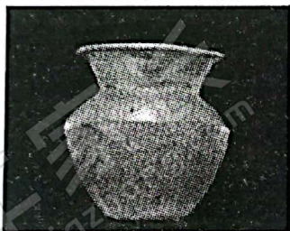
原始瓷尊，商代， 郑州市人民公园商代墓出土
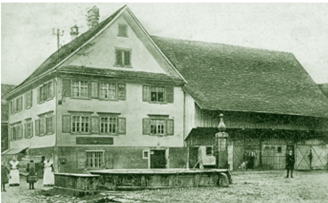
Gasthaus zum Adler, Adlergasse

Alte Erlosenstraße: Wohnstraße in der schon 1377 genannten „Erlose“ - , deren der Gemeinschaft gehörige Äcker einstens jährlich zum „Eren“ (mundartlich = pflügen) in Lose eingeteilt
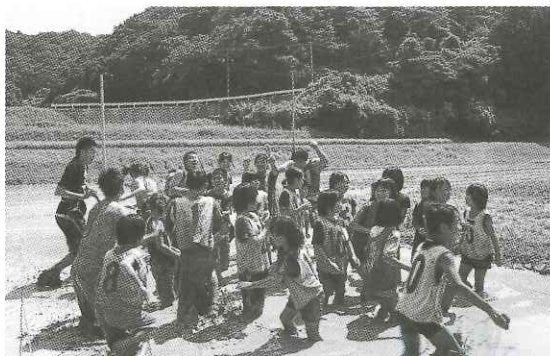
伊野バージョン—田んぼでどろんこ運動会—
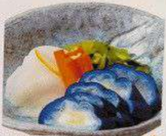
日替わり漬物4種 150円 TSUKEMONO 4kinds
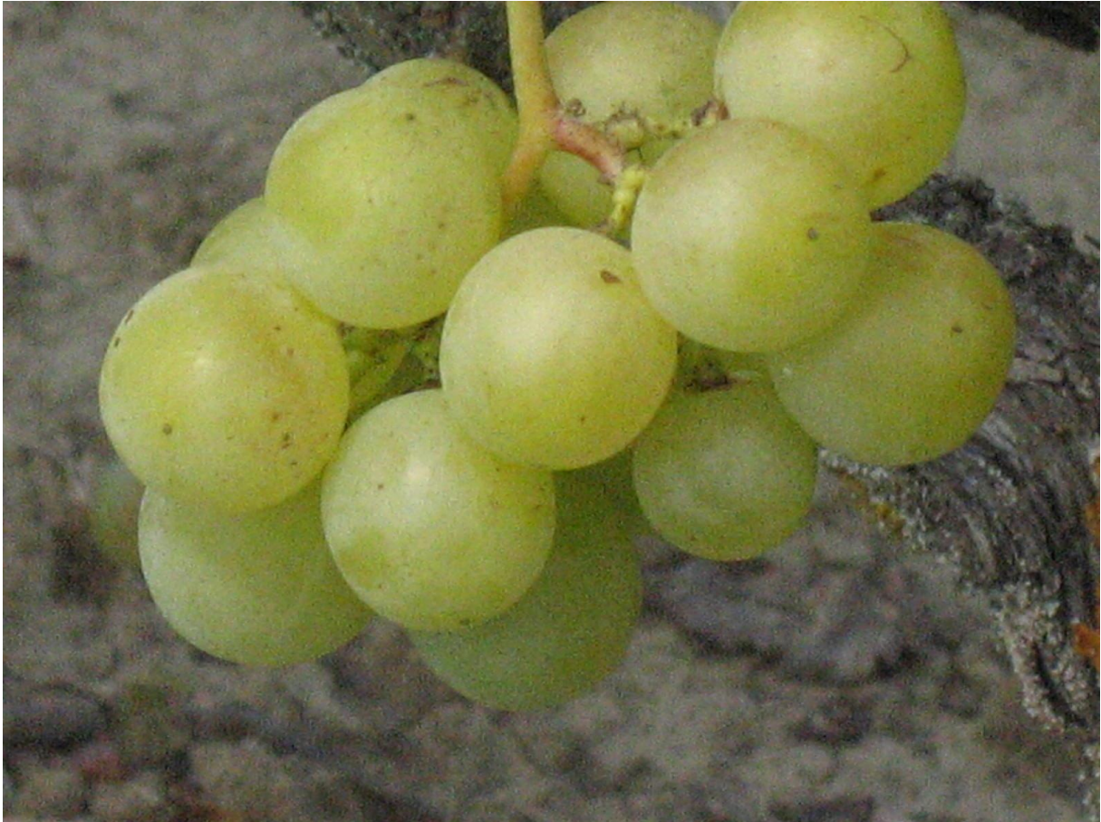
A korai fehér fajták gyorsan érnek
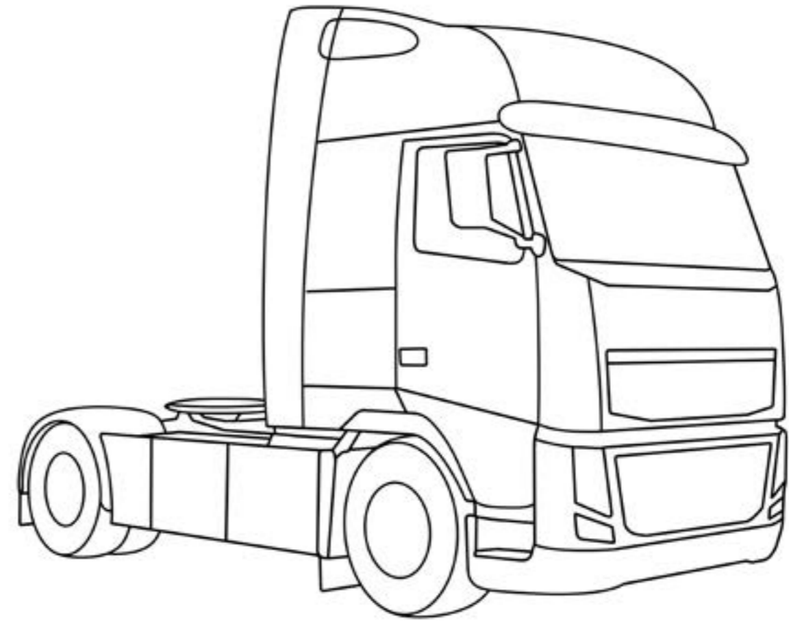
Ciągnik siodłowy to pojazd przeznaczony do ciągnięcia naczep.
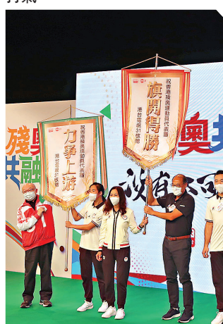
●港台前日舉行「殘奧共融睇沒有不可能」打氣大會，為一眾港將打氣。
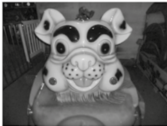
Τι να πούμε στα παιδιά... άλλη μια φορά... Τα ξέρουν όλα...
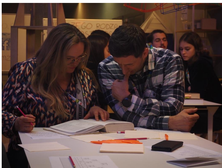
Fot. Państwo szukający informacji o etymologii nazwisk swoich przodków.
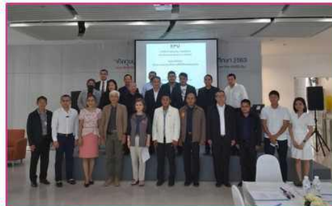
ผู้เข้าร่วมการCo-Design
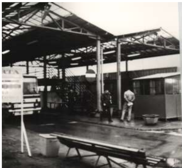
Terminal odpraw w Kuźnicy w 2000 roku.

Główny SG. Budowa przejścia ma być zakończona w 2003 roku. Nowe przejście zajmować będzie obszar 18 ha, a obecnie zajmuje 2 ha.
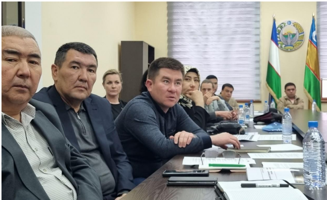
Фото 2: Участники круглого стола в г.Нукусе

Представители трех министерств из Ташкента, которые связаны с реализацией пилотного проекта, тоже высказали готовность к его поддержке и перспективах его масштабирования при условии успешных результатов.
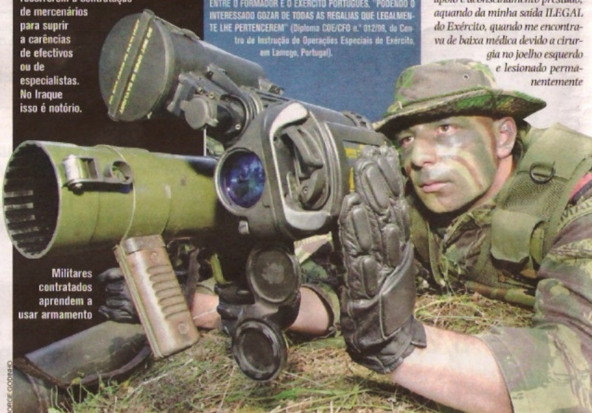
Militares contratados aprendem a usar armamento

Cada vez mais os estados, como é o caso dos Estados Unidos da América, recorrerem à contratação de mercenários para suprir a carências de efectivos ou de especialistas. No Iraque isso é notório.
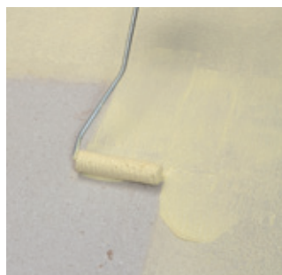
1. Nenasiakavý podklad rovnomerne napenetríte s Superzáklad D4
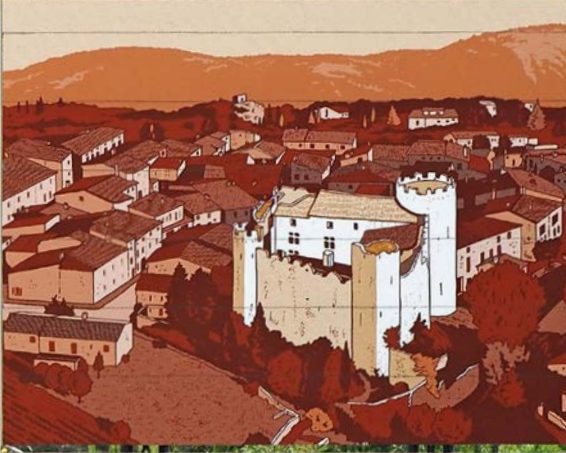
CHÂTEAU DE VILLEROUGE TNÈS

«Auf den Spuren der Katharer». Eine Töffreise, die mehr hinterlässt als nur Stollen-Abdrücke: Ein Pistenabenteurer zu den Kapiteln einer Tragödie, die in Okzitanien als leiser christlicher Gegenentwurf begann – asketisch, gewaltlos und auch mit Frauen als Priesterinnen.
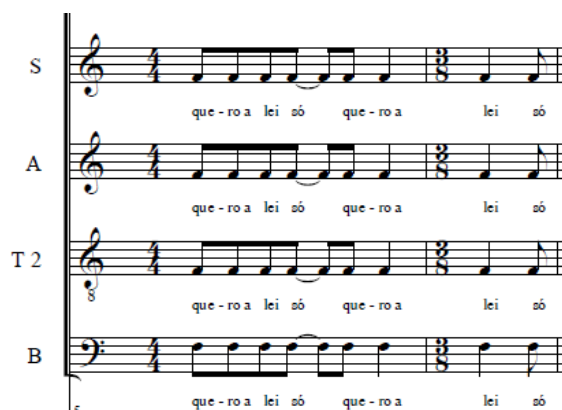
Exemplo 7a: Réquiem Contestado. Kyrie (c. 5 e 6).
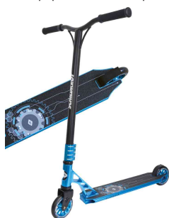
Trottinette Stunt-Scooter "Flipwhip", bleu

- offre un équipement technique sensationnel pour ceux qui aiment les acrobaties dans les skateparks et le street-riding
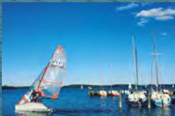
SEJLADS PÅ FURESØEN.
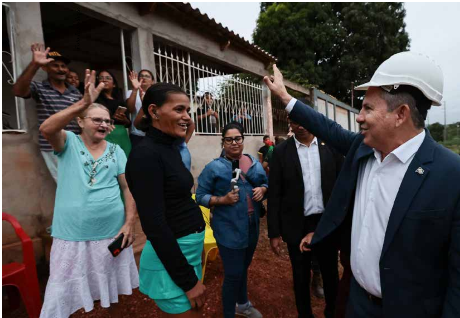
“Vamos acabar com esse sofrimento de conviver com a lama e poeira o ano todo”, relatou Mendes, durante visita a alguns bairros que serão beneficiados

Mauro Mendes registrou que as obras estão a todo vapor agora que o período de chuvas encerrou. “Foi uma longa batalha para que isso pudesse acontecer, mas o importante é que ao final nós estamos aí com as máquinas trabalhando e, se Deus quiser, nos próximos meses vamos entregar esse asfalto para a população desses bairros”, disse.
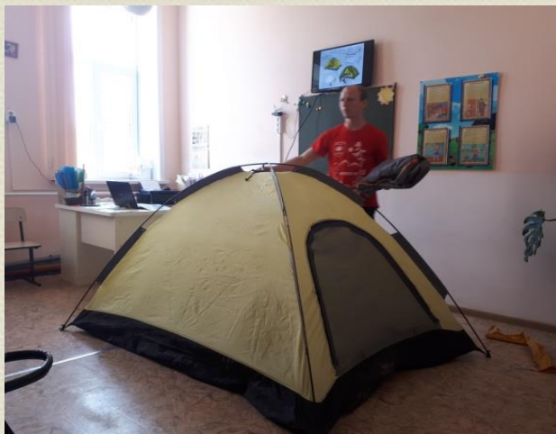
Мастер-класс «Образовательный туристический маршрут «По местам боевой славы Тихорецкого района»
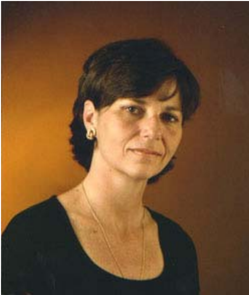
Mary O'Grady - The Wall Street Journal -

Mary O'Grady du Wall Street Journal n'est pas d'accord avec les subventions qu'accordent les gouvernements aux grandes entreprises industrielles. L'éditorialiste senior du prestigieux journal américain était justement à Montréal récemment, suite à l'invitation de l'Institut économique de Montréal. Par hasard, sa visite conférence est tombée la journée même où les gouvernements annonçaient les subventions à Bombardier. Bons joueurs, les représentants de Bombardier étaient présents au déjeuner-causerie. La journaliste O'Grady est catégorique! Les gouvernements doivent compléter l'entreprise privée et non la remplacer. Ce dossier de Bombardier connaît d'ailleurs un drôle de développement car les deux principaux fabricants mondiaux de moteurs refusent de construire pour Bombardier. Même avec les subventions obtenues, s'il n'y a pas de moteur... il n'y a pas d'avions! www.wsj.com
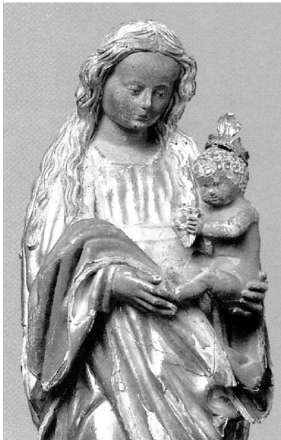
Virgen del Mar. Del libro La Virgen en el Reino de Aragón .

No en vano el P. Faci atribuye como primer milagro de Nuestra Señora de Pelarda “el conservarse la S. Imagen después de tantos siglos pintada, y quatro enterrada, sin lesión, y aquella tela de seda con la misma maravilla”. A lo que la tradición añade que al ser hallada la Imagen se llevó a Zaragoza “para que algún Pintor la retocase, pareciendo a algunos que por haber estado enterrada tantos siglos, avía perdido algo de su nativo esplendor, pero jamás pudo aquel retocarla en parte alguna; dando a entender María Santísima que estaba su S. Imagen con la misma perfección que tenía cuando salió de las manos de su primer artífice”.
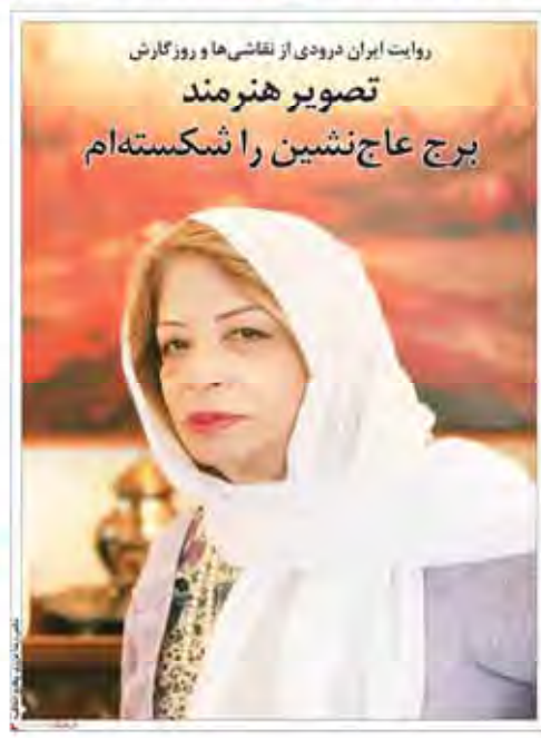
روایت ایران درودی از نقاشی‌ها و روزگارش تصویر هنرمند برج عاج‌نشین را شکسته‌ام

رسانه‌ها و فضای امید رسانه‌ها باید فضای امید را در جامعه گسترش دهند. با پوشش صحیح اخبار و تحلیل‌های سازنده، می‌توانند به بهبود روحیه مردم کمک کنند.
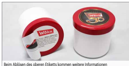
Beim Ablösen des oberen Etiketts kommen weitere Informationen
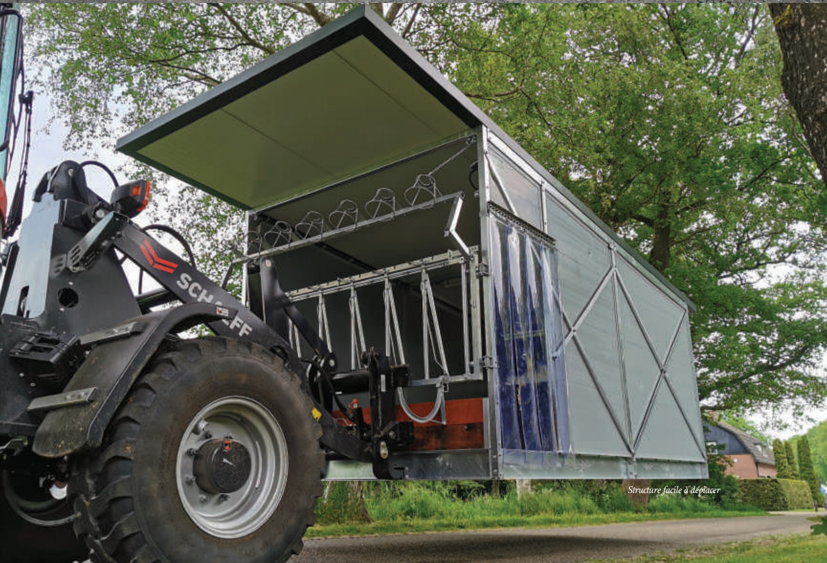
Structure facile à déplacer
···
→ Prompt: Copy nothing but the lines above from the one with "Τι να πούμε" to the one with "Główny SG. Budowa", inclusive, word for word. Leave every picture out.

→ Solved problem:
Τι να πούμε στα παιδιά... άλλη μια φορά... Τα ξέρουν όλα...
Fot. Państwo szukający informacji o etymologii nazwisk swoich przodków.
ผู้เข้าร่วมการCo-Design
Terminal odpraw w Kuźnicy w 2000 roku.

Główny SG. Budowa przejścia ma być zakończona w 2003 roku. Nowe przejście zajmować będzie obszar 18 ha, a obecnie zajmuje 2 ha.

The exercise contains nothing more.